Grid Computing and its Advantages

Grid computing has been around for a few years now and its advantages are many. Grid computing can be defined in many ways but for these discussions let’s simply call it a way to execute compute jobs (e.g. perl scripts, database queries, etc.) across a distributed set of resources instead of one central resource. In the past most computing was done in silos or large SMP like boxes. Even today you’ll still see companies perform calculations on large SMP boxes (e.g. E10K’s, HP Superdomes). But this model can be quite expensive and doesn’t scale well.

Along comes grid computing and now we have the ability to distribute jobs to many smaller server components using load sharing software that distributes the load evenly based on resources and policies. Now instead of having one heavily burdened server the load is spread evenly across many smaller computer which can be spread around various locations.

Some advantages are quite obvious.

1) No need to buy large SMP servers for applications that can be split up and farmed out to smaller servers (which cost far less than SMP servers). Results can then be concatenated and analyzed upon job(s) completion.

2) Much more efficient use of idle resources. Jobs can be farmed out to idle server or even idle desktops. Many of these resources sit idle especially during off business hours.

3) Grid environments are much more modular and don’t have single points of failure. If one of the servers/desktops within the grid fail there are plenty of other resources able to pick the load. Jobs can automatically restart if a failure occurs.

4) Policies can be managed by the grid software. Some of the most popular grid enabling software include Platform LSF, Sun Grid Engine, Data Synapse, PBS, Condor, UnivaUD, among others. Each do a good job of monitoring resources and managing job submissions based upon internal policy engines.

5) This model scales very well. Need more compute resources just plug them in by installing grid client on additional desktops or servers. They can be removed just as easily on the fly.

6) Upgrading can be done on the fly without scheduling downtime. Since there are so many resources some can be taken offline while leaving enough for work to continue. This way upgrades can be cascaded as to not effect ongoing projects.

7) Jobs can be executed in parallel speeding performance. Using things like MPI will allow message passing to occur among compute resources.

Some disadvatages:

1) For memory hungry applications that can’t take advantage of MPI you may be forced to run on a large SMP

2) You may need to have a fast interconnect between compute resources (gigabit ethernet at a minimum).

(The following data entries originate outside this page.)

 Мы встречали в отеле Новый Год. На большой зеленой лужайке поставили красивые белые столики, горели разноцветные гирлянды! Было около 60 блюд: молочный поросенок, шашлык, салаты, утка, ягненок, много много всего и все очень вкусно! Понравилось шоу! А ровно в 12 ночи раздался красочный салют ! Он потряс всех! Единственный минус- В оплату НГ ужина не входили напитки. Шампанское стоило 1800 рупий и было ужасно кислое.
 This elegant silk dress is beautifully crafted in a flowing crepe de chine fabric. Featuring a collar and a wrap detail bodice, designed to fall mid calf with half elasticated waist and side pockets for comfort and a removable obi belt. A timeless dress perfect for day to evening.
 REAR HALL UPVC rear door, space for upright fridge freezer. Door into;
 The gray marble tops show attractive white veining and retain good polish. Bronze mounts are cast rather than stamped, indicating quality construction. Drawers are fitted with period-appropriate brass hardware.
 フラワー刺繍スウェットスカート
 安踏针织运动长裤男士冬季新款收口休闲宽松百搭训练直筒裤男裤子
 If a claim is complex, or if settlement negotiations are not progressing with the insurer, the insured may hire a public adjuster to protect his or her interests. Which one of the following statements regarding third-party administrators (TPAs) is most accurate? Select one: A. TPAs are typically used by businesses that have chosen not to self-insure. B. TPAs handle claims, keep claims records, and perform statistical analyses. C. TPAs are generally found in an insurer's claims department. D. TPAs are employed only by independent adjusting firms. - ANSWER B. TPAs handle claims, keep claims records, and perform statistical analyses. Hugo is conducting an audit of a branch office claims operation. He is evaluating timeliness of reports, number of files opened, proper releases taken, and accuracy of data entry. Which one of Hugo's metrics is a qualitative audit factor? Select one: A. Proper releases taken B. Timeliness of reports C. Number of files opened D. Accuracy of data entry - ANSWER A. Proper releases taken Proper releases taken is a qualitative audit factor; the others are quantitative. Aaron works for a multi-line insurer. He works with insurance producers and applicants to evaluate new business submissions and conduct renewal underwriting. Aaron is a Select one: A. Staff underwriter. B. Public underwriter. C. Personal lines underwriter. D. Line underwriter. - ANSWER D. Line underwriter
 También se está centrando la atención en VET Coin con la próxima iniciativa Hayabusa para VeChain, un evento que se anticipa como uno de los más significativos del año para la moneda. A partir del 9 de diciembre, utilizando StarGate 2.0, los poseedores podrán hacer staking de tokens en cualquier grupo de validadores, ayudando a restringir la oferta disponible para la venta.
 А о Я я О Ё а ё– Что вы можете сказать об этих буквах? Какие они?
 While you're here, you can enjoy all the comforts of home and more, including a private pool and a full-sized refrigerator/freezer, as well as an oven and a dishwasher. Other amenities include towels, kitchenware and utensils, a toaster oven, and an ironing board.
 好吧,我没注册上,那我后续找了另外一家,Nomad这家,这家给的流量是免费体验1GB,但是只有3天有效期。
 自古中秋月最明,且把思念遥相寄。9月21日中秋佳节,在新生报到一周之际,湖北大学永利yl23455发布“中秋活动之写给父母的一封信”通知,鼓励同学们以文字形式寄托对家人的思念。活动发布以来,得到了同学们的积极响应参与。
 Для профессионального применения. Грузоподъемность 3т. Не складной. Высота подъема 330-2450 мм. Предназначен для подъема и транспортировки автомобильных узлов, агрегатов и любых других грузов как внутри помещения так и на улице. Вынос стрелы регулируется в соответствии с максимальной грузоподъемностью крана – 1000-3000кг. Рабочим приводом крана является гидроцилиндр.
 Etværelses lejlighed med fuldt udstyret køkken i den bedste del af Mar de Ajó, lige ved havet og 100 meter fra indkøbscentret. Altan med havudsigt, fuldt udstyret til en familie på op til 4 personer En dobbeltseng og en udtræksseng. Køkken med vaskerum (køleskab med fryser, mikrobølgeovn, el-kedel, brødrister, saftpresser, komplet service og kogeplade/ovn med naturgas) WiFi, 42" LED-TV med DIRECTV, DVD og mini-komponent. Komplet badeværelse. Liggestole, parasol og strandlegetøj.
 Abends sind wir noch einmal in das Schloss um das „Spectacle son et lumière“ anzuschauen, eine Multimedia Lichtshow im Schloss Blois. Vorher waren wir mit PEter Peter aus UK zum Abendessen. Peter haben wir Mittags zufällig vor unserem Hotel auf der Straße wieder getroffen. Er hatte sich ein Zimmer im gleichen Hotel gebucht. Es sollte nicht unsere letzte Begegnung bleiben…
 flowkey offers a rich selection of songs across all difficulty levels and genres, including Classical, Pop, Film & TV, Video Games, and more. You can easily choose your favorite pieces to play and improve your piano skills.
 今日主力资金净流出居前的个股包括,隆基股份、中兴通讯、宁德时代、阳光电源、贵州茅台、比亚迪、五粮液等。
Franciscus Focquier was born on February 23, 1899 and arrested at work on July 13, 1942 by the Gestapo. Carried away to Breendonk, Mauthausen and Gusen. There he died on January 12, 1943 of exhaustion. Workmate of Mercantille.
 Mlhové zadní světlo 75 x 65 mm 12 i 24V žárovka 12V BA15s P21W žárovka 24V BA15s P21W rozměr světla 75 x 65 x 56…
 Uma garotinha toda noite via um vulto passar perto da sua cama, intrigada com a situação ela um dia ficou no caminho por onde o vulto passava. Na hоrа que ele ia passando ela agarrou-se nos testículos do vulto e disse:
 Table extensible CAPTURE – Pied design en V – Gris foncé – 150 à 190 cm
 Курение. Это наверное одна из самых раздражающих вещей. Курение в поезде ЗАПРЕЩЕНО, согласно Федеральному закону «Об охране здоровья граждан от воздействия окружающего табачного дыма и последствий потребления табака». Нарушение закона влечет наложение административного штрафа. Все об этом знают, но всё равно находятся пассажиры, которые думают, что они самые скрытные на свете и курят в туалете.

Infiband for MPI intense applications

3) Some applications may need to be tweaked to take full advantage of the new model.

4) Licensing across many servers may make it prohibitive for some apps. Vendors are starting to be more flexible with environment like this.

Areas that already are taking good advantage of grid computing include bioinformatics, cheminformatics, oil & drilling, and financial applications.

With the advantages listed above you’ll start to see much larger adoption of Grids which should benefit everyone involved. I believe the biggest barrier right now is education.